A time distance matrix gives information about the time taken to travel rather than the true distances between different locations. This matrix illustrates the amount of time it requires to travel from one location to another and is frequently used in applications such as route planning, logistics optimization, and transportation analysis.

Here's an example of a time distance matrix:

A B C
A 0 5 6
B 7 0 9
C 4 8 0
In this matrix:
  • The entry in the first row and second column (15) represents the time it takes to travel from A to B.
  • The entry in the second row and third column (20) represents the time it takes to travel from B to C.
  • The diagonal entries are zeros, indicating negligible travel time from a point to itself.
Time distance matrices are essential in various fields, including urban planning, transportation engineering, and logistics, where understanding and optimizing travel times between locations is critical.

A distance matrix algorithm is a method for calculating and expressing the pairwise distances between a collection of objects or points in a dataset as a matrix. The objects can range from data points in a multidimensional space to biological sequences, and the distances can be determined through a variety of metrics such as Euclidean distance, Manhattan distance, cosine similarity, and so on.

The distance matrix isa square matrix in which every component (i, j) illustrates the dissimilarity or distance between the ith and jth objects. The diagonal elements (i, i) can often be populated with zeros, representing the distance between an item and itself.

Depending on the nature of the data and the specific distance metric utilized, different algorithms and techniques are used to generate the distance matrix. Among the most common distance matrix algorithms are:

  • The Euclidean distance: The straight-line distance between two places in Euclidean space is measured as the Euclidean distance.
  • The Manhattan Distance: The Manhattan Distance, also known as the L1 distance or city block distance, is calculated by adding the absolute differences between two places' coordinates.
  • Cosine Similarity: It is a measure that computes the cosine of the angle between two vectors.

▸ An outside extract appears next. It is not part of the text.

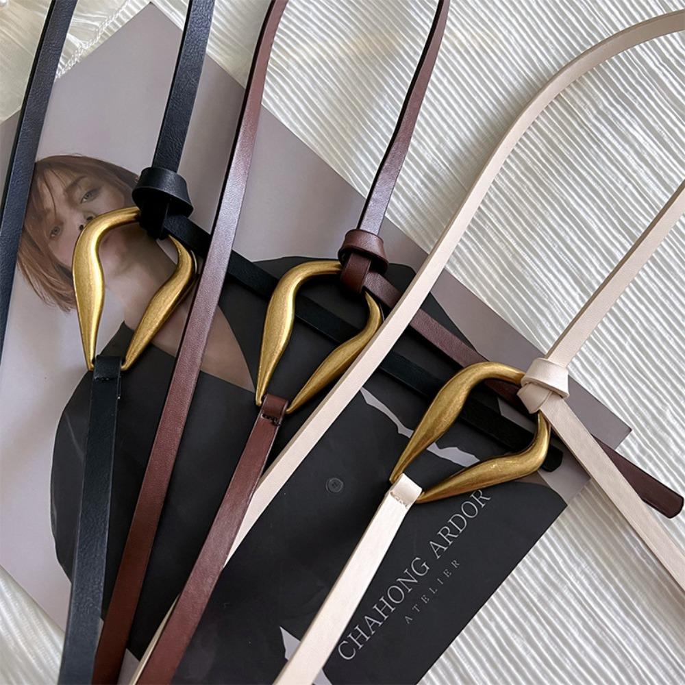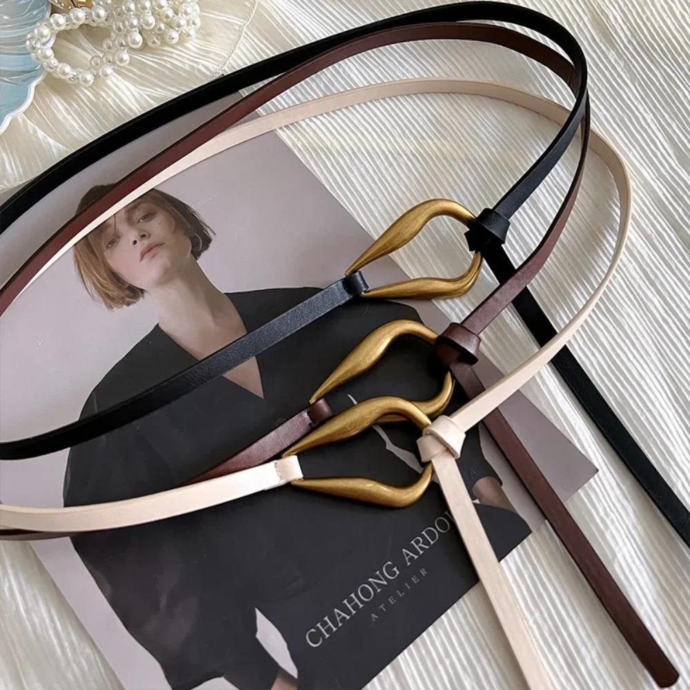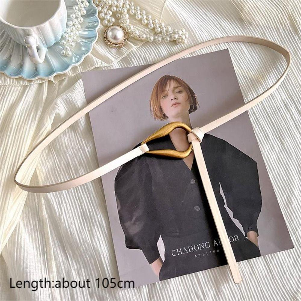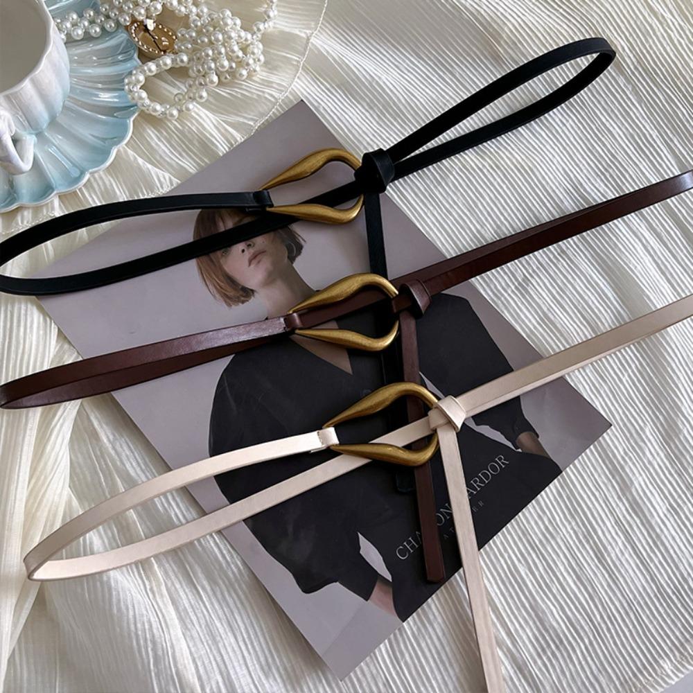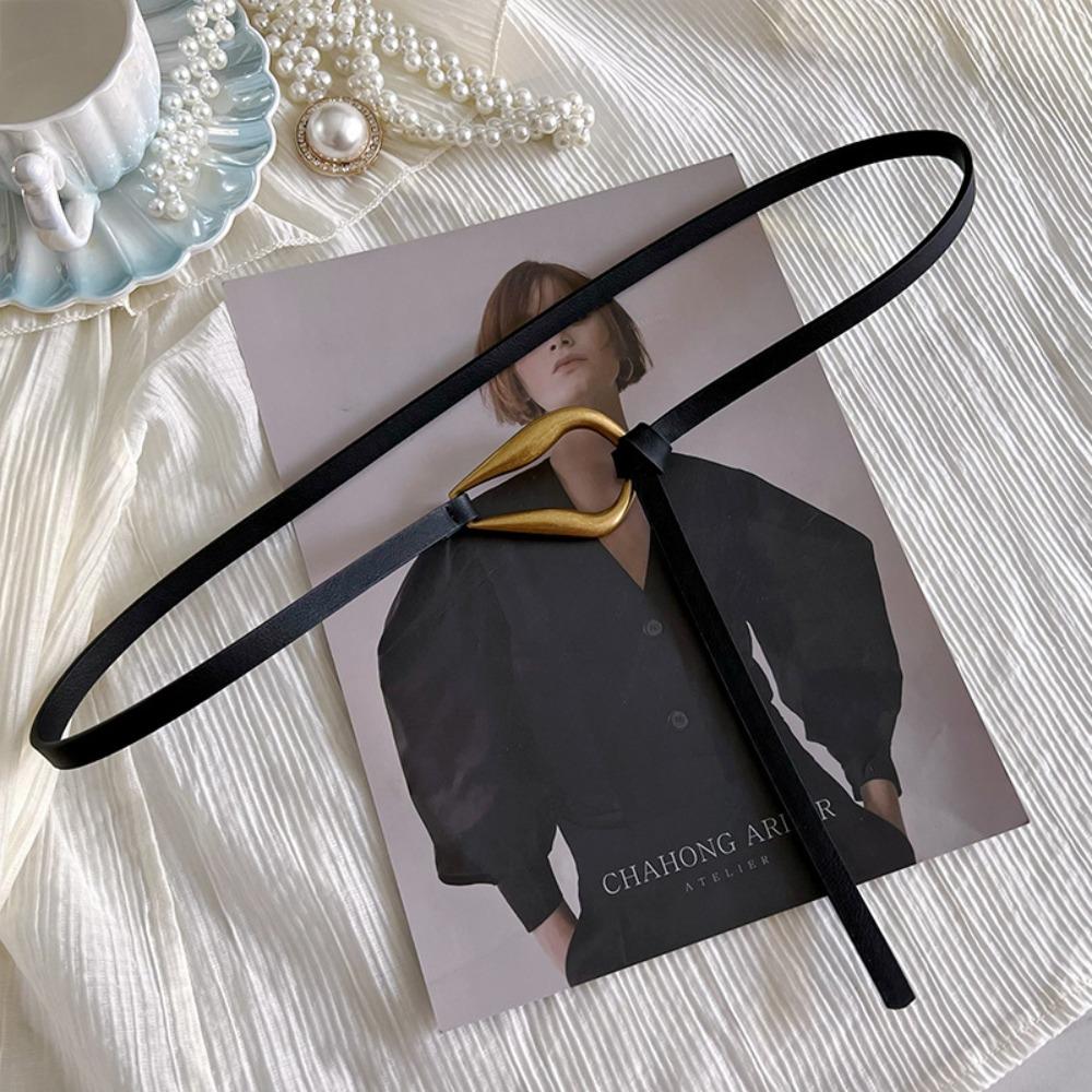 Тонкий ремень без отверстий Металлическая пряжка Поясной ремень Модные аксессуары для платья Женский

It is widely used in text mining and natural language processing to gauge the similarity between them.
  • Hamming Distance: Used for binary data, it measures the number of positions at which the corresponding bits are different.
  • Levenshtein Distance (Edit Distance): The number of single-character edits required for converting one string to another is frequently utilized in string matching.
  • Minkowski Distance: The Minkowski distance is a generalization of both the Euclidean and Manhattan distances, with the parameter "p" defining the kind of distance (p=1 for Manhattan, p=2 for Euclidean).
These distance matrices are utilized in a variety of domains, including clustering, classification, and multidimensional scaling, where understanding the links or similarities/dissimilarities between items is critical.